Diese und ähnliche Dialoge bestimmen das Geschehen, wenn Anita Köchl und Edi Jäger mitten in der Nacht an einer Parkbank aneinander geraten. Ein randvolles Emailwerk erlebt mit gestraffter Gesichtsmuskulatur wie zwei vom Leben - oder besser von ihren Lebenspartnern - enttäuschten Individuen versuchen, ihrer Enttäuschung Herr zu werden und sich dabei immer näher kommen. Die Komödie „Amaretto“ von Uli Bree ist der Spielgemeinschaft Köchl&Jäger auf den Leib geschrieben.

 

Manchmal tiefsinniger, manchmal pfeilgerader Wortwitz, immer wieder abgerundet mit etwas Slapstick, gehören eindeutig zur Kernkompetenz des genialen Komödiantenpaares.

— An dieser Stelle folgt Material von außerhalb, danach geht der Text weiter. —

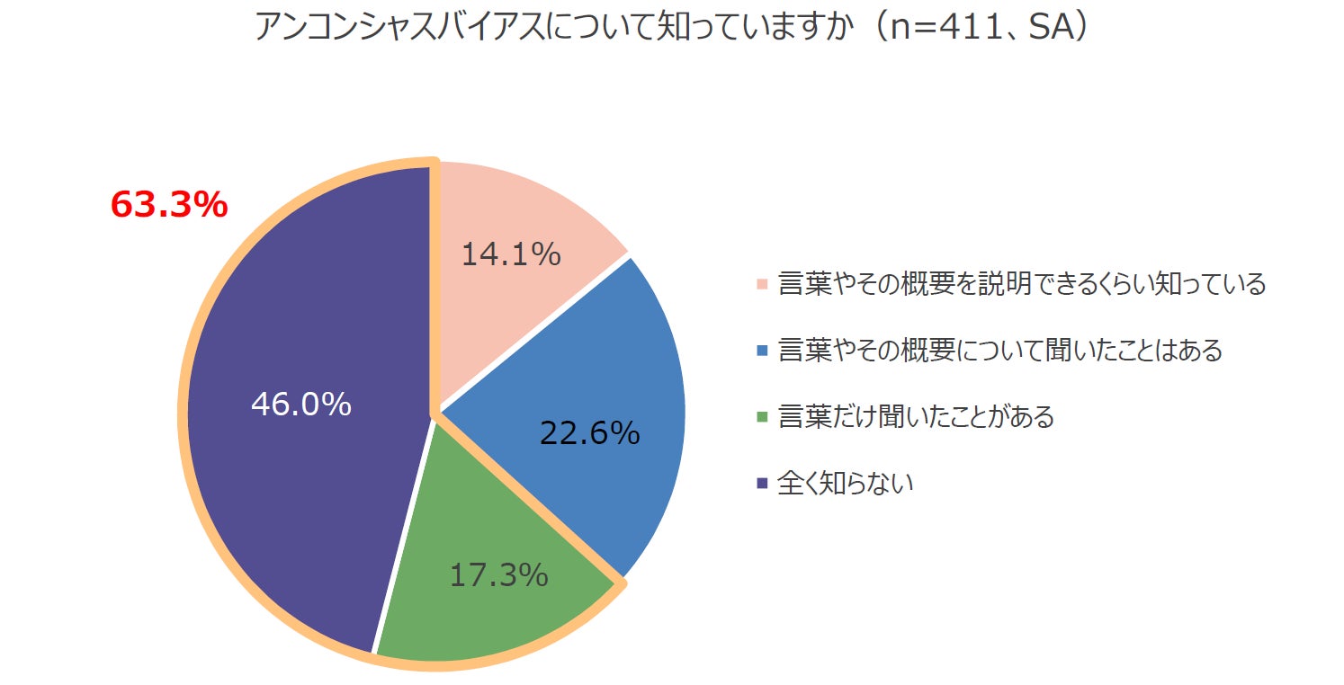1. アンコンシャスバイアスについて「全く知らない」が46.0%、「言葉だけ聞いたことがある」が17.3%と、あわせておよそ3分の2(63.3%)がよく知らない結果に

Während Jäger in der Rolle des betrogenen, etwas naiven, in jedem Fall aber grenzenlos unbeholfenen Yuppie aufgehen darf, spielt Köchl die entzauberte, erdige und völlig unromantische Ex eines Pantomimen. Das Publikum muss alles mit ansehen und findet dabei kaum Zeit zum Atmen.

Ausgerechnet über seine hilflosen Versuche, sich auf die eine oder andere Art das Licht auszublasen, finden die Beiden im Film „Pulp Fiction“ eine Gemeinsamkeit und damit auch zueinander. Immer tiefer geht das Frage und Antwortspiel der beiden Gehörnten um halb drei Morgens im Park und gipfelt schließlich in seiner Fantasie, er würde gerne einer Frau Tropfen von Amaretto vom Hals abwärts lecken bis…

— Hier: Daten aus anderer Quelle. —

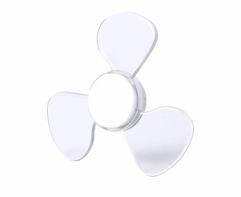 Spinner personalizat confectionat din plastic. Este un produs personalizat care se adreseaza atat copiilor cat si adultilor motiv pentru care acesta poate fi inclus pe lista de materiale promotionale din diverse domenii. Zona centrala de culoare alba va ofera posibilitatea personalizarii produsului. Culori: transparent, rosu, albastru, negru. Dimensiuni: 7.9 x 7.9 x 1.2 cm. Pretul afisat nu include costurile pentru personalizarea produsului. Aceste costuri se calculeaza la cerere in functie de detaliile de personalizare ale proiectului dvs. Pentru personalizare spinner va recomandam tampografia. Comanda minima: 100 buc. Pretul nu include TVA.

Es scheint unfassbarer Zufall zu sein, als die Beiden feststellen, dass sie mit dem Partner des jeweils anderen betrogen wurden, dass sie über Socken in Hundekacke, Alkohol und die Kastelruther Spatzen zueinander gefunden haben. Und während sich die Gäste im Emailwerk noch die Tränen aus den Augen wischen und gleichzeitig darüber grübeln ob es diese Zufälle wirklich geben kann, holen Köchl und Jäger zum alles vernichtenden Schlag aus. Schauspielerisch sind die beiden bereits in Bestform, im Stück lauert aber noch die alles verkehrende Wendung…

 

Sind Beziehungen innen so, wie sie nach außen scheinen? Was hält eine Beziehung zusammen? Wie viel kann oder muss man an einer Beziehung „arbeiten“, ohne dass sie an Authentizität verliert oder gar zum Schauspiel wird? Sind Beziehungen erneuerbar? Neigen wir dazu, Beziehungen mit allerlei Zierrat auszuschmücken, um die Leere zu überdecken? Oder ist alles bestens und wir sorgen nur für zusätzlichen Spaß? Wer sich bei Amaretto, gespielt von zwei grandiosen Mimen, nicht nur vor Lachen in die Finger gebissen, sondern sich danach auch eine Nachdenkpause gegönnt hat – dem wird vielleicht die eine oder andere Frage dieser Art durch den Kopf gegangen sein. Gut so.